Material for this task Block Start

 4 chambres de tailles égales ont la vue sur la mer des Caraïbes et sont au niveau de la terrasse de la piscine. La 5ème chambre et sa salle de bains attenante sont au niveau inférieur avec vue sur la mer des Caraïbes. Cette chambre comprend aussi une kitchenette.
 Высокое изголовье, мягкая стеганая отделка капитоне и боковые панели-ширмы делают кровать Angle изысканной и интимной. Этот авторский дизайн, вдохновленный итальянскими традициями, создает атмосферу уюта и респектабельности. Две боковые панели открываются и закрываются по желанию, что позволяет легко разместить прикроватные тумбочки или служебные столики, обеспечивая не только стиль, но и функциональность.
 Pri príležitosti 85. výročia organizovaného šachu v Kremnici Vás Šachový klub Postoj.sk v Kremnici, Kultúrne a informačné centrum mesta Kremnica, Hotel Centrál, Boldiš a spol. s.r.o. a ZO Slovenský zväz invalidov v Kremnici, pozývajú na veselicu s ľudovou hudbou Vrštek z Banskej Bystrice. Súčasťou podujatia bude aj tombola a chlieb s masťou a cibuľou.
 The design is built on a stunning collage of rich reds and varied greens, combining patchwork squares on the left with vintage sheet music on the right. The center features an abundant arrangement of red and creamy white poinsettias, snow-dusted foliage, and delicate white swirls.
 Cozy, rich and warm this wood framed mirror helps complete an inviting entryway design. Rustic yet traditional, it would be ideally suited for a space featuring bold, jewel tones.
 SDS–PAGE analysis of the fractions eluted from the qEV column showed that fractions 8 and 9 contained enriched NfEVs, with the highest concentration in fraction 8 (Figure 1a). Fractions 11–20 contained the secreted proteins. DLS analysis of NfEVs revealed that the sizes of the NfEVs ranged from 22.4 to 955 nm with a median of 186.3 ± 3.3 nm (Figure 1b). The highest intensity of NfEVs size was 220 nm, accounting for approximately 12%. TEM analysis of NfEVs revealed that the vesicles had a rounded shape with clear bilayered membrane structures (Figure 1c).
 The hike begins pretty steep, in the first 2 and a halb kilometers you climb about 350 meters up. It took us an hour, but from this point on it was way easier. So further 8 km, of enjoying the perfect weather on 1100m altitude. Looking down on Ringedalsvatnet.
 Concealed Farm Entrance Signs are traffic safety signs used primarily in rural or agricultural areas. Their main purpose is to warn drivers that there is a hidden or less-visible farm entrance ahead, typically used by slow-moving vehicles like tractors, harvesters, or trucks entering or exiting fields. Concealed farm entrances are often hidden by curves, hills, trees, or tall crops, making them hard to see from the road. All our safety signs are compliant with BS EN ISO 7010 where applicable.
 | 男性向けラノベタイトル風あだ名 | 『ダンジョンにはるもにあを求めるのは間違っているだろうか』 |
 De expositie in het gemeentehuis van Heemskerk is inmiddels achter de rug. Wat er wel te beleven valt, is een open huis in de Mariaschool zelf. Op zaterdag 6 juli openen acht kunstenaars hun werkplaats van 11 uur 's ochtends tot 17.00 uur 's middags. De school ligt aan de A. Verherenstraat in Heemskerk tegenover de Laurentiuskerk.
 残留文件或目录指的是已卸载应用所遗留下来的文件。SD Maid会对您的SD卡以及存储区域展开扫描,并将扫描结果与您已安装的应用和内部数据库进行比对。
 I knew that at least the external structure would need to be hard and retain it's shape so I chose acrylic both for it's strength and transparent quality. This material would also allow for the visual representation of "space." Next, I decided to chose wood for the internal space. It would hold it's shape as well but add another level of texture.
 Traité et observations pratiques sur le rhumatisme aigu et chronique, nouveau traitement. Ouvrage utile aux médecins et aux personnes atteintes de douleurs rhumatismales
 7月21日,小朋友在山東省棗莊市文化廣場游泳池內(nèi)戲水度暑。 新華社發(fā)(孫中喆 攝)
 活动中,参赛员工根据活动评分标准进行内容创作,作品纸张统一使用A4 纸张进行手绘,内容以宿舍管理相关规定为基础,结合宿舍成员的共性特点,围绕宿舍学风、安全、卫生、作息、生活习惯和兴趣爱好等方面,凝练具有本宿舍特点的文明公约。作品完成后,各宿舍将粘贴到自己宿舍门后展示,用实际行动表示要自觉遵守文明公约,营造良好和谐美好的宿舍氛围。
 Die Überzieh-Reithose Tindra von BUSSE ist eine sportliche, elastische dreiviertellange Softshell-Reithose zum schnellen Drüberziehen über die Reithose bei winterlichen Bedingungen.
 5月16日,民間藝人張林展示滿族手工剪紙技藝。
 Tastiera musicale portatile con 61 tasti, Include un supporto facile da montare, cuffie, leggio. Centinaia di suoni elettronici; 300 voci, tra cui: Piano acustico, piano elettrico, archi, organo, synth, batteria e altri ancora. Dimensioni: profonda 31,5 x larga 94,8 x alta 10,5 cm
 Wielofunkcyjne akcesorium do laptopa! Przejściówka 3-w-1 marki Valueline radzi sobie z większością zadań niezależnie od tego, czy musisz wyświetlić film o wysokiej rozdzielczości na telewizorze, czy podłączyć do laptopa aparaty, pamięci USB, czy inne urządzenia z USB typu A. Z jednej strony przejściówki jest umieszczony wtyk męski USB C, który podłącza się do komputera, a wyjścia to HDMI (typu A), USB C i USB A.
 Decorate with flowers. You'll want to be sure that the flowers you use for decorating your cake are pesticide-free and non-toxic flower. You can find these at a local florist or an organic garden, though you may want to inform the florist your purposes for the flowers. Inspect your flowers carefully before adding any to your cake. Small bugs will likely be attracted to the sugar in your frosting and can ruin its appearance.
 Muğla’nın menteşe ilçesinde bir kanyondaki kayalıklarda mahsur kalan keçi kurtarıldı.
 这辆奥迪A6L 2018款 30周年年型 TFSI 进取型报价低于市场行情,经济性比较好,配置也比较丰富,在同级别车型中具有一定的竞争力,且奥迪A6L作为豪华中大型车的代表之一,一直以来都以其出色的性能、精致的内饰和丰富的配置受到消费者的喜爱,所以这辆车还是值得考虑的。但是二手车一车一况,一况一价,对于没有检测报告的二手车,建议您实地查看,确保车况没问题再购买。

Material for this task Block End

* _Task directions_
All lines from the one containing "Decorate with flowers." to the last line above should be reproduced exactly, and no other lines should be given.

* _Your response_
 Decorate with flowers. You'll want to be sure that the flowers you use for decorating your cake are pesticide-free and non-toxic flower. You can find these at a local florist or an organic garden, though you may want to inform the florist your purposes for the flowers. Inspect your flowers carefully before adding any to your cake. Small bugs will likely be attracted to the sugar in your frosting and can ruin its appearance.
 Muğla’nın menteşe ilçesinde bir kanyondaki kayalıklarda mahsur kalan keçi kurtarıldı.
 这辆奥迪A6L 2018款 30周年年型 TFSI 进取型报价低于市场行情,经济性比较好,配置也比较丰富,在同级别车型中具有一定的竞争力,且奥迪A6L作为豪华中大型车的代表之一,一直以来都以其出色的性能、精致的内饰和丰富的配置受到消费者的喜爱,所以这辆车还是值得考虑的。但是二手车一车一况,一况一价,对于没有检测报告的二手车,建议您实地查看,确保车况没问题再购买。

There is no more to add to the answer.